04/16/2025 | Press release | Distributed by Public on 04/16/2025 10:41
BOZEMAN - Around 300 attendees convened in the Strand Union Building ballrooms at Montana State University for the 22nd annual Women in Engineering Dinner on April 11. The event celebrates and supports women majoring in engineering - a profession traditionally dominated by men.
Dinner attendees, mostly women studying in MSU's Norm Asbjornson College of Engineering, also included MSU alumni, faculty and staff. The evening's keynote speaker, Erika Wagner, heads U.S. business development at The Exploration Company, which she described as one of the world's fastest-growing space companies. TEC builds reusable space capsules and lunar landers.
"Erika is an engineer, a program manager and a business professional who is passionate about space innovation and humanity's grand challenges," said Christine Foreman, the engineering college's associate dean for student success, while introducing Wagner at the event.
Wagner's academic background is in aerospace and biomedical engineering. She has a doctorate from the Harvard University/Massachusetts Institute of Technology Program in Health Sciences and Technology. Prior to The Exploration Company, Wagner worked at Blue Origin for more than 12 years.

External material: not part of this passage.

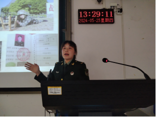活动中,潘笑杏老师首先针对同学们最为关心的升学、就业、经济补助等方面的政策进行了详细的说明。她说,参军入伍不仅有利于磨练自己的意志、实现理想信念,也是青年大学生谋划未来发展的重要选择之一。随后,优秀退役学生代表宋昭含、罗佳琪、周琛博身着军装,分别从自己的亲身经历出发讲述了入伍缘由、军旅生活和从军收获,并号召同学们积极应征入伍,到部队去报效祖国、成就自我。最后,在潘老师对2024年下半年征兵工作流程及时间等事项进行讲解后,活动逐渐走向尾声。

Blue Origin, which specializes in aviation and aerospace component manufacturing, made headlines this week by sending an all-female crew of civilians to the edge of Earth's atmosphere.

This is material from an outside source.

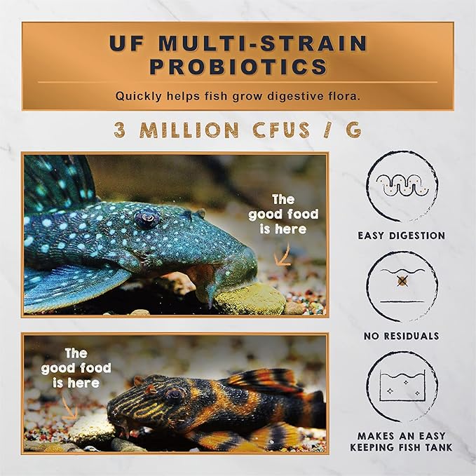 - β 3 Million CFUs/g Probiotics 3 million CFUs/g probiotics are within our food to automatically help dissolve fish excrements, residuals and keeps water clean. Other than that it helps fish to fully absorb nutrition, help to excretion, enhance the immune system and lower the risk of digestive problems.

Wagner's talk focused on the rapidly expanding field of space exploration, finding a reasonable work/life balance and women supporting women professionally.
"The doors to space are opening wider and wider," she told the audience. "I realized there was more than one career path in space. You can be things other than an astronaut, which was really useful for me to learn."

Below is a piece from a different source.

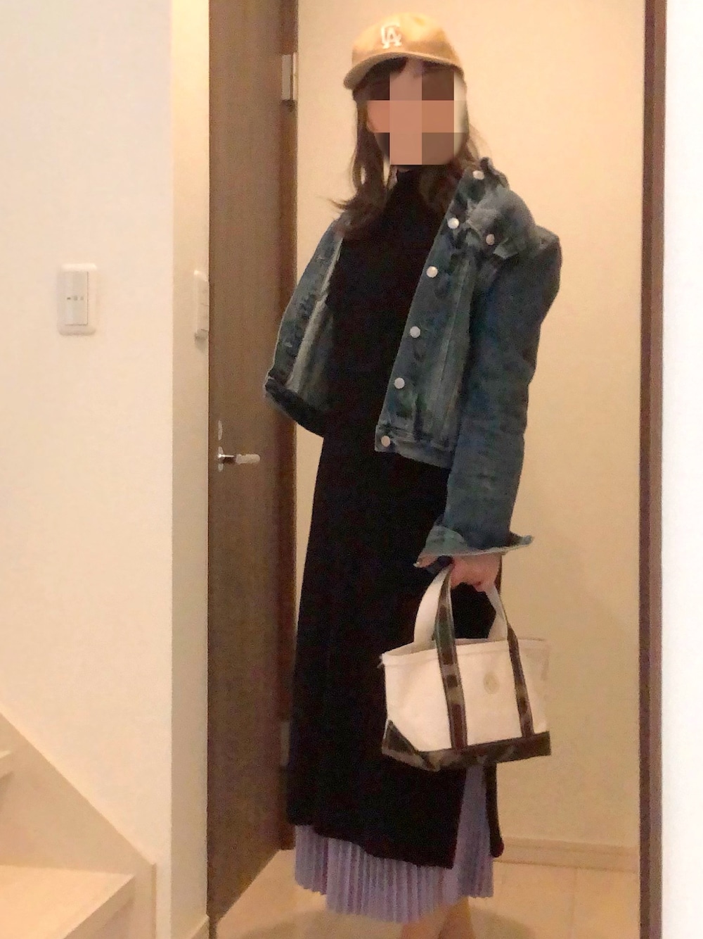 暖かかったですね🌸 ポカポカ陽気に誘われて、マスク探しのワンマイルコーデ👖 黒のニットワンピでも暑かった💦 本当はオーバーサイズのGジャンが欲しいです。

Wagner emphasized the importance of broadening space exploration to be more inclusive at a very basic, very human level. She told a story from the early 1980s of Sally Ride, the first American woman in space, when the only engineer in the room at the time was a male.
"He asked her what she would need for the mission, and she said some tampons, so they packed her 100 for a seven-day mission," she said, drawing laughter from the audience. "Good engineers need to understand the users."
She encouraged students to get involved with student clubs and hands-on engineering projects, calling it the "single most important thing I ever did in my education." She also discussed how the space race has rapidly evolved to a global venture.
"We're starting to find that we are opening doors wider and wider," Wagner said. "When I was a kid, there were 10 nations that had been into space. Today there are 51."
She closed her address with a message about the importance of listening to one's instincts.
"What does the still, small inner voice in your head tell you about your dreams? What did you want to be when you were 4 or 5 or 6? Does that still drive you today?" Wagner asked. "It may or may not. And then, how do you find the other women around you? Who are your people? How do you lift them up? How do you start to tell broader stories? How do you start to open doors and how do you be more inclusive about the futures that work creates?"
The college of engineering has 26 tenure-track female faculty members, 15 non-tenure track faculty and 691 female students who comprise 20% of the college's enrollment.